Cloud computing changed the required skills for software engineers and system administrators. IT departments that didn’t continuously researched and adopted new technologies are usually caught off-guard when they decide to “move to the cloud”. A cloud native IT department requires new skills as the software they have will need refactoring and repackaging to run and take advantage of the new environment, the cloud. About those skills and responsibilities I'll be speaking in this article. Internally, we call this role the cloud native engineer*.
A cloud native engineer needs to take an application from a repository through a continuous integration and delivery pipeline. During this journey, she would make sure that the code builds, passes the tests, gets deployed safely and secure up to the to the production environment.
The list of relevant technologies in the cloud native context is overwhelming:
But don't worry, you don't need to know them all. You' can't either have "3+ years of production experience" as some naive recruiters would expect, because it's a very new field. By the way, there's another map for serverless.
So let’s go one by one over the required building blocks of every cloud project, the bread and butter of the cloud native engineer skillset**.
You'll need to figure out if you're dealing with a micro-service architecture or with a monolith. If you’re not assigned to a greenfield project, most of the time you’ll have to move a project from a monolith to microservices. Missing the knowledge about microservices? Check a microservice-demo app here: https://microservices-demo.github.io
To understand what microservices are all about, read Martin Fawler’s article on the subject. Sam Newman’s book is the “bible” in this domain.
Once you know with what type of architecture you’re dealing, you’ll need some basic understanding on how to run and build that project. If you need to adjust/debug the application, experience or familiarity with the programming language is required.
In the cloud native context, applications get delivered as containers (serverless is gaining traction as well). So you'll need to be able to understand and package applications into these new standards. My colleague’s (Adrian Mouat) Using Docker book is probably your best option for getting up to speed.
Once the code (both applications and infrastructure) is written, you will need to deploy it somewhere.
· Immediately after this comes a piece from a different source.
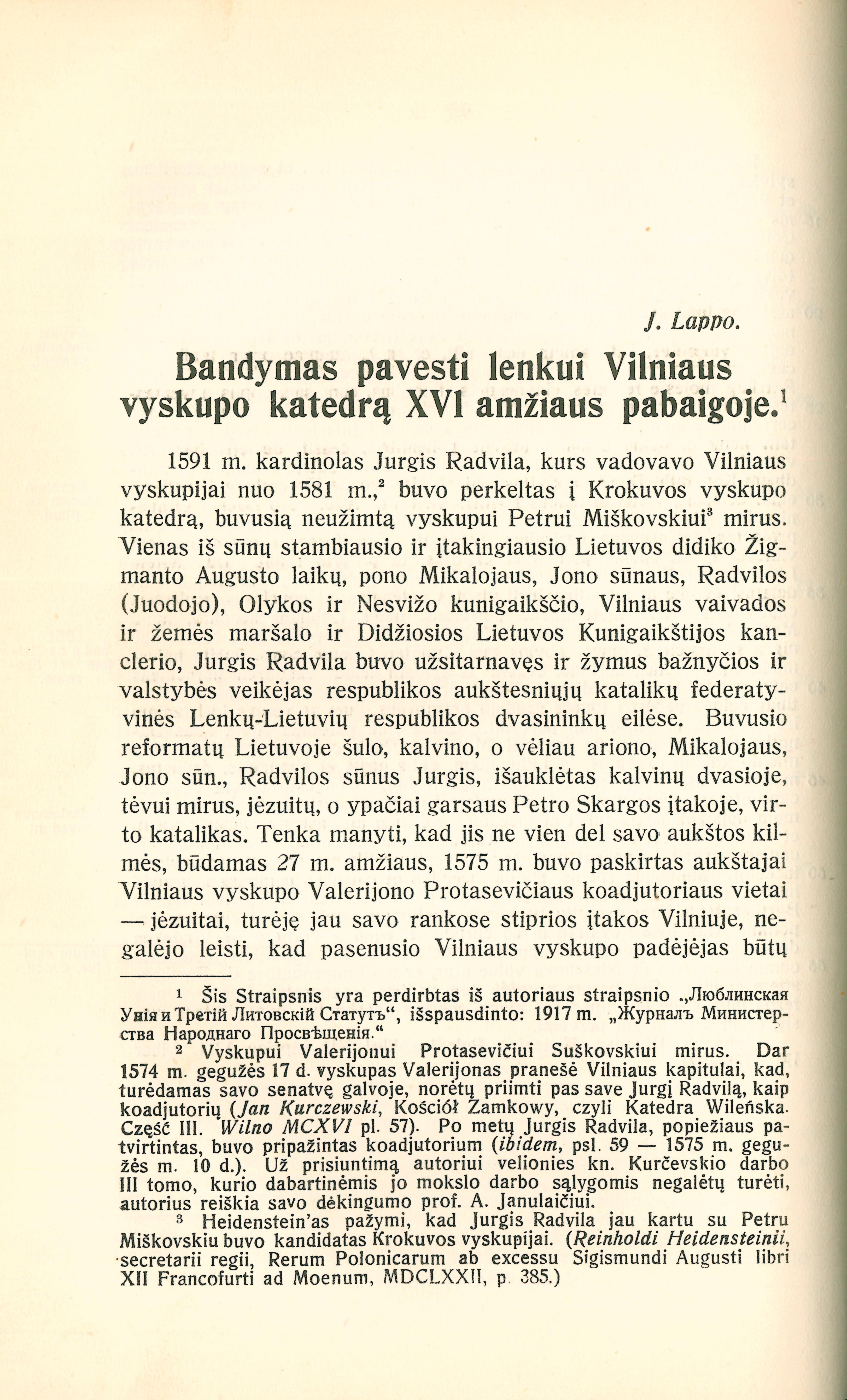 Bandymas pavesti lenkui Vilniaus vyskupo katedrą XVI amž. pabaigoje / J. Lappo. – Iš: Praeitis, t. 1. – Kaunas, 1930, p. 94-138.

Most of the "old" continuous integration tools are still alive and kicking and they've learned how to do continuous delivery. New tools are emerging, but it looks like Jenkins is still the standard, mainly due to poor alternatives. The CI tool will drive the entire delivery process, so designing a good pipeline will result in a better developer experience and faster response to failures/bugs. All types of tests and code quality tools will have to get integrated here as well.
If you package your application in containers you'll need to understand their lifecycle. Kubernetes is becoming the standard in this space, with managed solutions from all major cloud providers. Go over the basic tutorials or look for a training if you intend to go deeper into the subject, as this will be your new playground once the apps will get deployed.
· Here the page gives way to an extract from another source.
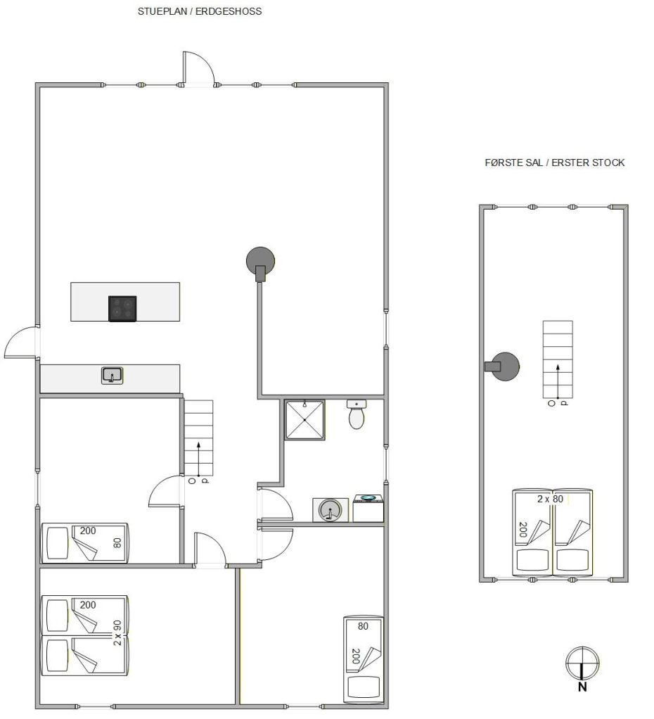 Nach aufregenden Urlaubstagen sorgen die drei Schlafzimmer mit einem Doppelbett und zwei Einzelbetten für entspannten Schlaf in der Nacht und am Morgen kann man von den hinteren Schlafzimmern den freien Blick in die Heide- und Dünenlandschaft genießen. Im geräumigen Obergeschoss befinden sich ein weiteres Doppelbett und ein eigener Lese- und Fernsehbereich, in den man sich bequem zurückziehen kann.

OK, you have some application code that works. Your next step (for greenfield projects it’s the first step) is to build the infrastructure where that code will run. This involves a mix of managed services and writing code for the missing parts. Tools like Terraform, Cloud Formation, Ansible are the usual suspects in this area.
Monitoring plays a central role in a distributed system. The old tools didn’t manage to catch up with the new landscape, so you’ll need to look into SaaS solutions, the default services offered by your cloud, or rely on open source projects (like Prometheus/Grafana).
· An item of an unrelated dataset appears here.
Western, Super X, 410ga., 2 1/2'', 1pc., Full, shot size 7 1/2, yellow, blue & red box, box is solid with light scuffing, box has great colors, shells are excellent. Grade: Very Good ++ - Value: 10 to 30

For most companies, the infrastructure will get replaced by an API, some credentials and a bill that will track the usage. Understanding of cloud computing primitives like compute units, databases, storage, network for whatever cloud/infrastructure provider you are using is mandatory. Understanding pricing for the new services will help you avoid nasty surprises at the end of the month.
Once your IT department implements those block, there are other areas that usually gain attention:
The shift to cloud computing reflects as well in the technical skills required to develop and operate the applications on this new platforms. Continuous learning is the only way you can keep up. If you can't do it at your current workplace, probably it's time to look for a new challenge somewhere else.
*The skillset and responsibility of this role are different than the Google’s Site Reliability Engineer role: “SRE is what happens when you ask a software engineer to design an operations team” - Benjamin Treynor Sloss - SRE Founder. The DevOps Engineer is a weird name/role that is too vague and always in flux to make comparisons, but it does overlap on some of the skills.
**While shorter than the cloud native landscape, this list is overwhelming as well. I initially assembled it for a colleague (hi Riccardo!) but it is useful for everybody who wants to make a career step in this direction. Most of the people will know the basics and have deep knowledge in a few areas that interest them most.